We aimed to investigate whether neurocognitive functions including attention, working memory, verbal learning and executive functions predicted the tendency to focus on one’s thoughts (cognitive self-consciousness) and beliefs in the efficacy of one’s cognitive skills (cognitive confidence).
Participants (130 CHR individuals) were recruited as part of the multi-site PREDICT study. They were assessed using the Metacognitions Questionnaire (MCQ) as well as measures of executive function (WCST), attention (N-Back), working memory (LNS) and verbal learning (AVLT).
Cognitive competence was negatively correlated with N-Back while cognitive self-consciousness was positively correlated with N-Back and LNS. Linear regression analysis with N-Back, AVLT, LNS and WCST as predictors showed that neurocognition significantly predicted cognitive self-consciousness, with N-Back, LNS and WCST as significant predictors.

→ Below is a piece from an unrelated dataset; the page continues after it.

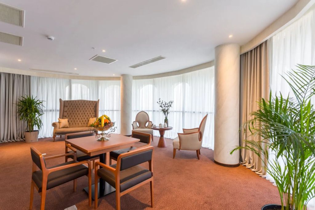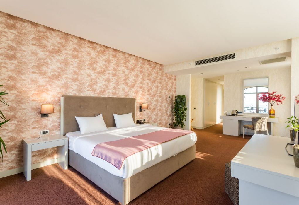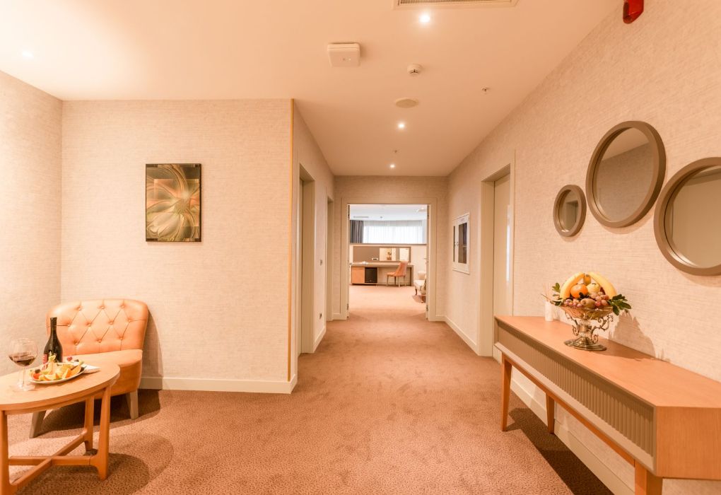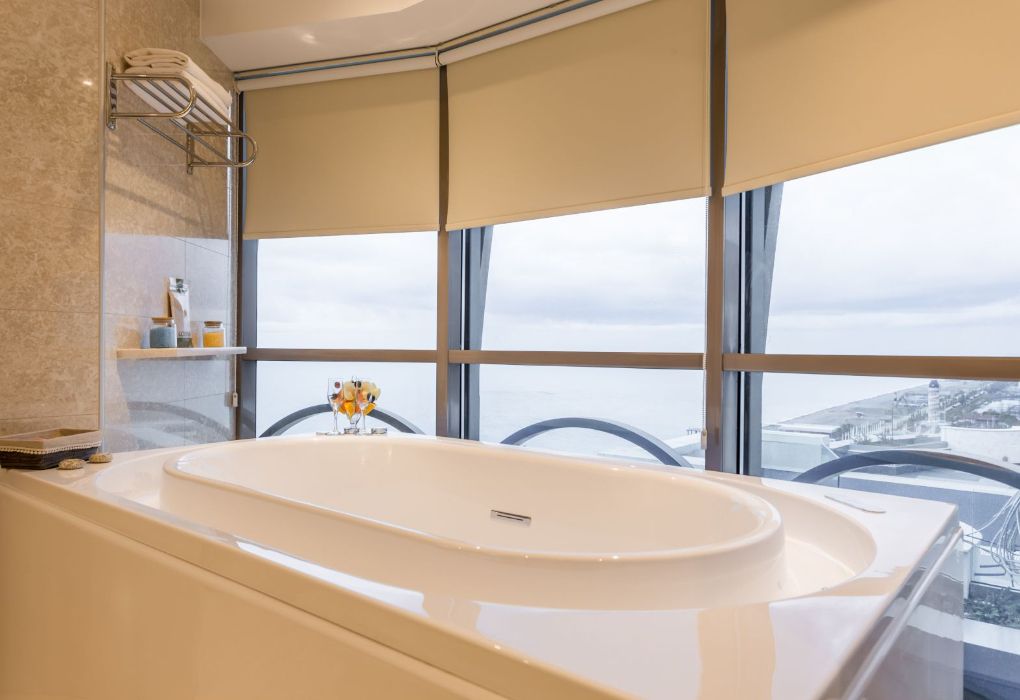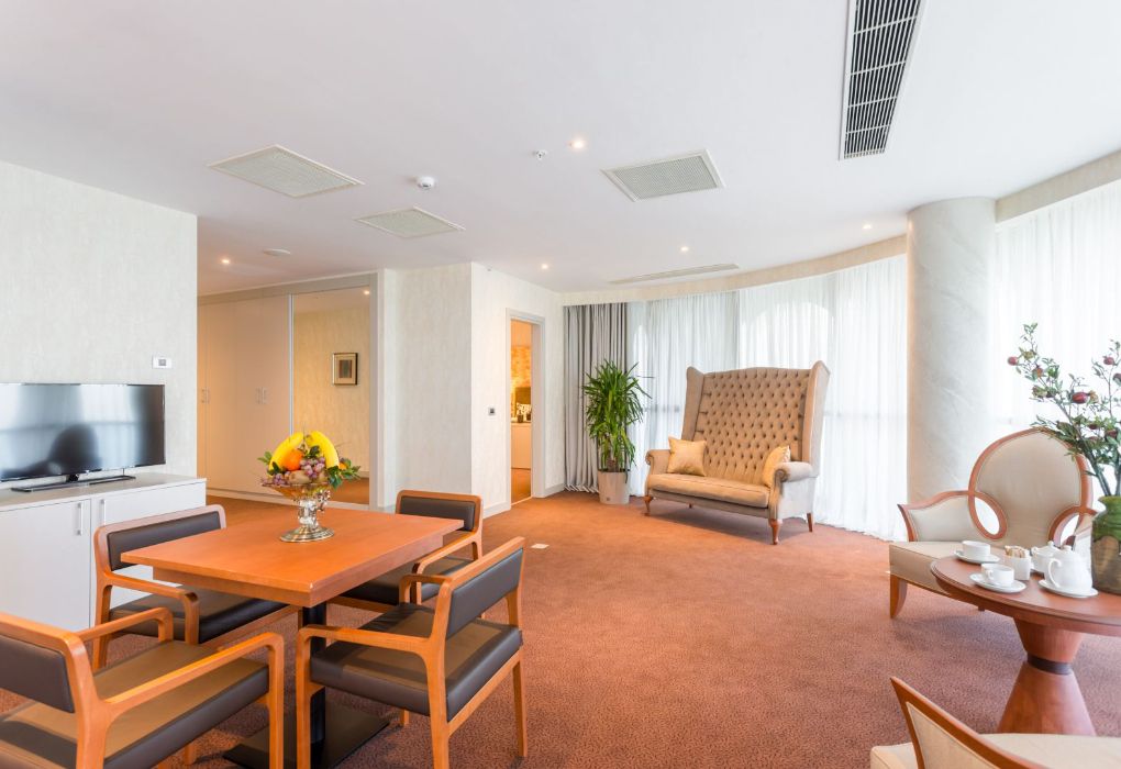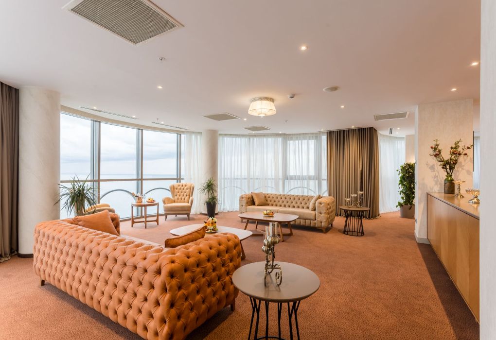 Президентский сьют содержит 2 спальни, столовую, гостиную и рабочую зоны, туалеты, две террасы, частный бассейн и джакузи. Из номера открывается вид на море и город.Услуги и удобства

The model accounted for 14% of the variance in cognitive self-consciousness. However, neurocognition did not result in a significant predictive model of cognitive competence.
Neurocognition was associated with an increased focus on one’s thoughts, but it was not associated with higher confidence in one’s cognitive skills. Neurocognition accounted for less than one-sixth of the variance in metacognition, suggesting that interventions that target neurocognition are unlikely to improve metacognitive abilities.